Please take the records that follow and repeat exactly the lines starting with the line with "Details: Monochrome circle-and-star" and going on through the line with "Simple five line".

▶ _Exercise data_:
—————
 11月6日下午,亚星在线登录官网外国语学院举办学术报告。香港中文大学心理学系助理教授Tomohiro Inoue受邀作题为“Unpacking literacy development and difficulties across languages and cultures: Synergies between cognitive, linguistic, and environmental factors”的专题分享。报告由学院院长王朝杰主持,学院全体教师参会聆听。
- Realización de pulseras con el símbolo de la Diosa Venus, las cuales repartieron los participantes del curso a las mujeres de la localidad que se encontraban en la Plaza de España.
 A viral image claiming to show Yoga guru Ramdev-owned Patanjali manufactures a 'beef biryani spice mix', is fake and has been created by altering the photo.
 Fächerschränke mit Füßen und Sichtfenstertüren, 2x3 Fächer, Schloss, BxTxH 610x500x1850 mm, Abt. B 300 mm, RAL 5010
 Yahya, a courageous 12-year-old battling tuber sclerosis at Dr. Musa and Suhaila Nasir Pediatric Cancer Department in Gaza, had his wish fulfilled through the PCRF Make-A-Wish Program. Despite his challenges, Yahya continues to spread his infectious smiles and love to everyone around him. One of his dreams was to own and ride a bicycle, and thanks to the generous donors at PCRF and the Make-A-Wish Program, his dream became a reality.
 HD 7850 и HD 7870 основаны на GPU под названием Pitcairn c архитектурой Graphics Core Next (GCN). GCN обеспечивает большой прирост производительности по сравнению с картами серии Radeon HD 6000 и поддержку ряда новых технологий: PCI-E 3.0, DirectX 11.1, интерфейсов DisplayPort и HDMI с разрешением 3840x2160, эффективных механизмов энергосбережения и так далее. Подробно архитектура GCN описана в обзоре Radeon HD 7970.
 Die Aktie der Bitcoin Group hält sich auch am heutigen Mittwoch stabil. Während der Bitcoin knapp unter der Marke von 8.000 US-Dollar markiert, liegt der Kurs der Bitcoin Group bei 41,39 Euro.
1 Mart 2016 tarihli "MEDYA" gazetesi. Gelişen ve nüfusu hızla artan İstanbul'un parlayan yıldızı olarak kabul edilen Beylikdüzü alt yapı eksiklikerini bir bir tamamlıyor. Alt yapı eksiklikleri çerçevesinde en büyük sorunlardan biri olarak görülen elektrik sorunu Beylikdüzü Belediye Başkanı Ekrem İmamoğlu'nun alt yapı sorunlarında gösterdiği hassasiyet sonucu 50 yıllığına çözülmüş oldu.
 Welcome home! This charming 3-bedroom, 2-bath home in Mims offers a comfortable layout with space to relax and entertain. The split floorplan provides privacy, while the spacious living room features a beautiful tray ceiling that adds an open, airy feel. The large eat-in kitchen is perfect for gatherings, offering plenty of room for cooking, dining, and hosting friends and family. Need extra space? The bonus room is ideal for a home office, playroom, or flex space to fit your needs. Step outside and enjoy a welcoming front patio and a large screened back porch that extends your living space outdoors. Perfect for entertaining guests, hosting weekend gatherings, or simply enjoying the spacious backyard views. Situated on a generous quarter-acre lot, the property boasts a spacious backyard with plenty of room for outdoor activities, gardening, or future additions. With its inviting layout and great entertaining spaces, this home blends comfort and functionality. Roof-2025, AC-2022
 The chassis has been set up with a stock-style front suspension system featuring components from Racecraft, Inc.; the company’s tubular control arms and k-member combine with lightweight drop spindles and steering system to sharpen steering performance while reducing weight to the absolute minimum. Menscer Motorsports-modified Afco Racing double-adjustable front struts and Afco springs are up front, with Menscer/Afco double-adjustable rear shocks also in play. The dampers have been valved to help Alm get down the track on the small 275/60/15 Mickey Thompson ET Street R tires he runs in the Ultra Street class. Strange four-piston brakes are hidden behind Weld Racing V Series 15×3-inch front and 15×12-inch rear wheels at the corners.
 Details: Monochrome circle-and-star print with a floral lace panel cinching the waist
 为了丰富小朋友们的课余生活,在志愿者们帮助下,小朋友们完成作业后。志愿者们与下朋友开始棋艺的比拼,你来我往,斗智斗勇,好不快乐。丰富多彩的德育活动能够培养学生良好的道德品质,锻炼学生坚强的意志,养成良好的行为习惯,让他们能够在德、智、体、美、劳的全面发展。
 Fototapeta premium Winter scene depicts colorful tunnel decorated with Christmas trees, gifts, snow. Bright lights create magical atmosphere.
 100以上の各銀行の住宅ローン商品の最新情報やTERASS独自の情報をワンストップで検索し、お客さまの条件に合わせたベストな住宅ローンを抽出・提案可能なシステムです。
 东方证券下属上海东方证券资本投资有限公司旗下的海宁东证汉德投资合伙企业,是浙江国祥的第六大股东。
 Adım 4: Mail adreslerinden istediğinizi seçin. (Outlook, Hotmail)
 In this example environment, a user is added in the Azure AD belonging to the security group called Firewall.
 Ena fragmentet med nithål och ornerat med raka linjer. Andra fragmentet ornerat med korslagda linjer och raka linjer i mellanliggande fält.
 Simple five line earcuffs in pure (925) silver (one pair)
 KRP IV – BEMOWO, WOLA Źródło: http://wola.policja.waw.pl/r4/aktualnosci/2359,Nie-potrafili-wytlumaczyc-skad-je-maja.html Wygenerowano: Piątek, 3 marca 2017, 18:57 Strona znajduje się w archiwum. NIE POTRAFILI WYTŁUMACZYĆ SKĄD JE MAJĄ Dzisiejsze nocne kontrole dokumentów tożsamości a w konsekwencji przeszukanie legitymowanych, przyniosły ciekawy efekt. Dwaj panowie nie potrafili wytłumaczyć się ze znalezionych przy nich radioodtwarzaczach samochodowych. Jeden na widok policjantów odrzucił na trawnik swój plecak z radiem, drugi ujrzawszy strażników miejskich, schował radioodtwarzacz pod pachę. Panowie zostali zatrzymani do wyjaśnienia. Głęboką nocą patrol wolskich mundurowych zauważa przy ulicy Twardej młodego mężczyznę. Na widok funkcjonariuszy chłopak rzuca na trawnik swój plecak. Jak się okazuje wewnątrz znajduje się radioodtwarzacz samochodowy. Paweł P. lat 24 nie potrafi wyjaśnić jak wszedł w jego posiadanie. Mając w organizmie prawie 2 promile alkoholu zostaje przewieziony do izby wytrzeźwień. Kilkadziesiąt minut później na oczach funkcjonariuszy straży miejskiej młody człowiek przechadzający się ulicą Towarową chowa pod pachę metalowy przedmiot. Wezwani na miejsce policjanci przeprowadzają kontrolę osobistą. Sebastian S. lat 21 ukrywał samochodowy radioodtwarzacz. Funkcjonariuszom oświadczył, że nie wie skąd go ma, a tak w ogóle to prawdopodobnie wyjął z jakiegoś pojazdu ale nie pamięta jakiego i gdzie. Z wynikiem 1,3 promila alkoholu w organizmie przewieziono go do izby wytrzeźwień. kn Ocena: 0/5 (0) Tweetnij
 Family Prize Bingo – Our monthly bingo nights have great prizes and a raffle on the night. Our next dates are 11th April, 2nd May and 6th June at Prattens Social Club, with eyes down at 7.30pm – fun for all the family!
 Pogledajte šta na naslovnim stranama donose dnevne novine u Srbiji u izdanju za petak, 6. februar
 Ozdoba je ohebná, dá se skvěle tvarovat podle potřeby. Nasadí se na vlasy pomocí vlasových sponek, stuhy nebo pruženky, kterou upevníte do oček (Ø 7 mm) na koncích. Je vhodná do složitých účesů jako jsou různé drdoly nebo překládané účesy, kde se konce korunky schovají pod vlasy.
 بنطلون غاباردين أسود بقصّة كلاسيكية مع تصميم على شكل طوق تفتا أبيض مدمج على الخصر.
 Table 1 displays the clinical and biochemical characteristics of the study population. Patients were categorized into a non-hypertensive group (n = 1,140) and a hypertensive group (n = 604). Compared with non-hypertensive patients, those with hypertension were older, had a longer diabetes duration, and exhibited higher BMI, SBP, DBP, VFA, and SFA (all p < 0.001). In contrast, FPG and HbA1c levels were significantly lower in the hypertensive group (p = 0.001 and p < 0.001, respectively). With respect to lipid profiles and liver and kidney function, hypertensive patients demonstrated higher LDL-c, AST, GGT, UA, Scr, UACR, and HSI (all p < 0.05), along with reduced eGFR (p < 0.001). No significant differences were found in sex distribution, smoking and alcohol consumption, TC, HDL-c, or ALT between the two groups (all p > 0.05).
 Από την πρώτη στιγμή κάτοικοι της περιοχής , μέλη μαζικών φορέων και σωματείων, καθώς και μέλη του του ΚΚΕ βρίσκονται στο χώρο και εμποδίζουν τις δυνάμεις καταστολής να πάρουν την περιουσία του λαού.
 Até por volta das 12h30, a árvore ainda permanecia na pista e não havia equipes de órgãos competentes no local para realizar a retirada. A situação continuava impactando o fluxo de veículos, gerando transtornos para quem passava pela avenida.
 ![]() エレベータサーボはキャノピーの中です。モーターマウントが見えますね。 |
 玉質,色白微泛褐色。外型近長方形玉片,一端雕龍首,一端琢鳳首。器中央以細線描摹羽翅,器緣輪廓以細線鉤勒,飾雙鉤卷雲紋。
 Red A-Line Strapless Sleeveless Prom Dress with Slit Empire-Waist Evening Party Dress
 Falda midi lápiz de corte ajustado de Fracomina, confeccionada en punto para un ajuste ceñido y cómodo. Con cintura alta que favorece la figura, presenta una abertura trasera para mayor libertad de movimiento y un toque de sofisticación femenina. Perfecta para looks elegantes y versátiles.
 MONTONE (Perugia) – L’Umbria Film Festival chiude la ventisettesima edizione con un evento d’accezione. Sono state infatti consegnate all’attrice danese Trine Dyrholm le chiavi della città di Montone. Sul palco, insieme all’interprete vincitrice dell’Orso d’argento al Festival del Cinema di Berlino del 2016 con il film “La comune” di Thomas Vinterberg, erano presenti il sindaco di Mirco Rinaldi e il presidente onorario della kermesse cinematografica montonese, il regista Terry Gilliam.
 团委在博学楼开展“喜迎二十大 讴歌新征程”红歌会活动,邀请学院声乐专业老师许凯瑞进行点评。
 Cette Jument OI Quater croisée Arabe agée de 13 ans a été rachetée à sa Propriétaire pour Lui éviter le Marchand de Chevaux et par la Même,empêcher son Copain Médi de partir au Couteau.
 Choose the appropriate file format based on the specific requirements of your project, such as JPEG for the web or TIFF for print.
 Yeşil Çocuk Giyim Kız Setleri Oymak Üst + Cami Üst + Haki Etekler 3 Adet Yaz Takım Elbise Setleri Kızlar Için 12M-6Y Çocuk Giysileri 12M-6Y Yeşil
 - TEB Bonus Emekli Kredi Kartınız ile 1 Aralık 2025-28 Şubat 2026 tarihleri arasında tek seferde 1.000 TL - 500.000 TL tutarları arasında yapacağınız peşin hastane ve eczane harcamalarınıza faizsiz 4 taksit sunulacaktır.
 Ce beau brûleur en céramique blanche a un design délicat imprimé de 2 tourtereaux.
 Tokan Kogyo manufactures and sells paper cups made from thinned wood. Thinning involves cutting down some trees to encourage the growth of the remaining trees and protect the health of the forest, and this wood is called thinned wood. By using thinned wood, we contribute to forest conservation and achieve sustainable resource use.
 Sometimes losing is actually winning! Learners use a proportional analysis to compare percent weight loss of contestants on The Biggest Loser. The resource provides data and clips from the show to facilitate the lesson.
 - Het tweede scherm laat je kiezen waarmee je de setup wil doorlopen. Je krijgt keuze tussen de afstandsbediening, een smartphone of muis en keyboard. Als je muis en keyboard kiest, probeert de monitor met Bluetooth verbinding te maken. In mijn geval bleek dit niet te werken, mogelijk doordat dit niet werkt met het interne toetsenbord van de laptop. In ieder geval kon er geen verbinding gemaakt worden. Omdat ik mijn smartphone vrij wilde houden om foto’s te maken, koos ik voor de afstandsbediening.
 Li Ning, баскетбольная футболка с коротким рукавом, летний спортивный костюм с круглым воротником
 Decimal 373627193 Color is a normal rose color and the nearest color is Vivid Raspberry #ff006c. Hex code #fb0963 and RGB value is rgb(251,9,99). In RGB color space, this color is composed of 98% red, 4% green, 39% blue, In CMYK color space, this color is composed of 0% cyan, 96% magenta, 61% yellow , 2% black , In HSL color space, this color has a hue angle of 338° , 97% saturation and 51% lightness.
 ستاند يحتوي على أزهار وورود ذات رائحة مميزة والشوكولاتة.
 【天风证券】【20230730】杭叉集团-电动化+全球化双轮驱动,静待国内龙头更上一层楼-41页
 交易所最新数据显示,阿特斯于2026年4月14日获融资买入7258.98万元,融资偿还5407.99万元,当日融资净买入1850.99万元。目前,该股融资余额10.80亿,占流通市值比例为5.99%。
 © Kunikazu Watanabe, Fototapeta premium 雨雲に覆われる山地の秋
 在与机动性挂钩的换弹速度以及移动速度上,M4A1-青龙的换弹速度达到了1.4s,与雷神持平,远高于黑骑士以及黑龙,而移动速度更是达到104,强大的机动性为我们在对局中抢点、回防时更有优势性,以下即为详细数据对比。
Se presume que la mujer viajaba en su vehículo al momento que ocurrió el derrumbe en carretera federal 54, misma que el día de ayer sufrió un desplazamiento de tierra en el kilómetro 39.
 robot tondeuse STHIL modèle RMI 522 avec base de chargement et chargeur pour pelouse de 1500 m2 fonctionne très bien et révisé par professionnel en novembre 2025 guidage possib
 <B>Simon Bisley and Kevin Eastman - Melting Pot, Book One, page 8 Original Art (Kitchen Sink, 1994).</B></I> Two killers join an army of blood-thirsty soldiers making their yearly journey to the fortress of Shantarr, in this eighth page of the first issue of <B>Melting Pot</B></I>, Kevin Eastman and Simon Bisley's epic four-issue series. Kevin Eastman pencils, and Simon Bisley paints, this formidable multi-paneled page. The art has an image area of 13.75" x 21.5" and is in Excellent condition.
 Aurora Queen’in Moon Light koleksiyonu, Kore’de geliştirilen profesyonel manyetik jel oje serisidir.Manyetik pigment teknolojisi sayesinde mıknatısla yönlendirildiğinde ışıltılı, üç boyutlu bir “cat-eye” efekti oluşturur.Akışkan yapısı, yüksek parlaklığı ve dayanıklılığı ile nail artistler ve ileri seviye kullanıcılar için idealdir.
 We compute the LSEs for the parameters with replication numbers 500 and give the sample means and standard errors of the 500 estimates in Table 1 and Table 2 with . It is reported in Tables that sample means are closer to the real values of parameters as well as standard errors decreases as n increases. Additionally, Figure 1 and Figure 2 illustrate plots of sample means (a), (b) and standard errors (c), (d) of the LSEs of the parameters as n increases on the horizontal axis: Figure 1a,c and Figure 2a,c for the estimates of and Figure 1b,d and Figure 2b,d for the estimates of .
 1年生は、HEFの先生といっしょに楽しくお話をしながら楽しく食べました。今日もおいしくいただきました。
—————
▶ _Solution below_:
 Details: Monochrome circle-and-star print with a floral lace panel cinching the waist
 为了丰富小朋友们的课余生活,在志愿者们帮助下,小朋友们完成作业后。志愿者们与下朋友开始棋艺的比拼,你来我往,斗智斗勇,好不快乐。丰富多彩的德育活动能够培养学生良好的道德品质,锻炼学生坚强的意志,养成良好的行为习惯,让他们能够在德、智、体、美、劳的全面发展。
 Fototapeta premium Winter scene depicts colorful tunnel decorated with Christmas trees, gifts, snow. Bright lights create magical atmosphere.
 100以上の各銀行の住宅ローン商品の最新情報やTERASS独自の情報をワンストップで検索し、お客さまの条件に合わせたベストな住宅ローンを抽出・提案可能なシステムです。
 东方证券下属上海东方证券资本投资有限公司旗下的海宁东证汉德投资合伙企业,是浙江国祥的第六大股东。
 Adım 4: Mail adreslerinden istediğinizi seçin. (Outlook, Hotmail)
 In this example environment, a user is added in the Azure AD belonging to the security group called Firewall.
 Ena fragmentet med nithål och ornerat med raka linjer. Andra fragmentet ornerat med korslagda linjer och raka linjer i mellanliggande fält.
 Simple five line earcuffs in pure (925) silver (one pair)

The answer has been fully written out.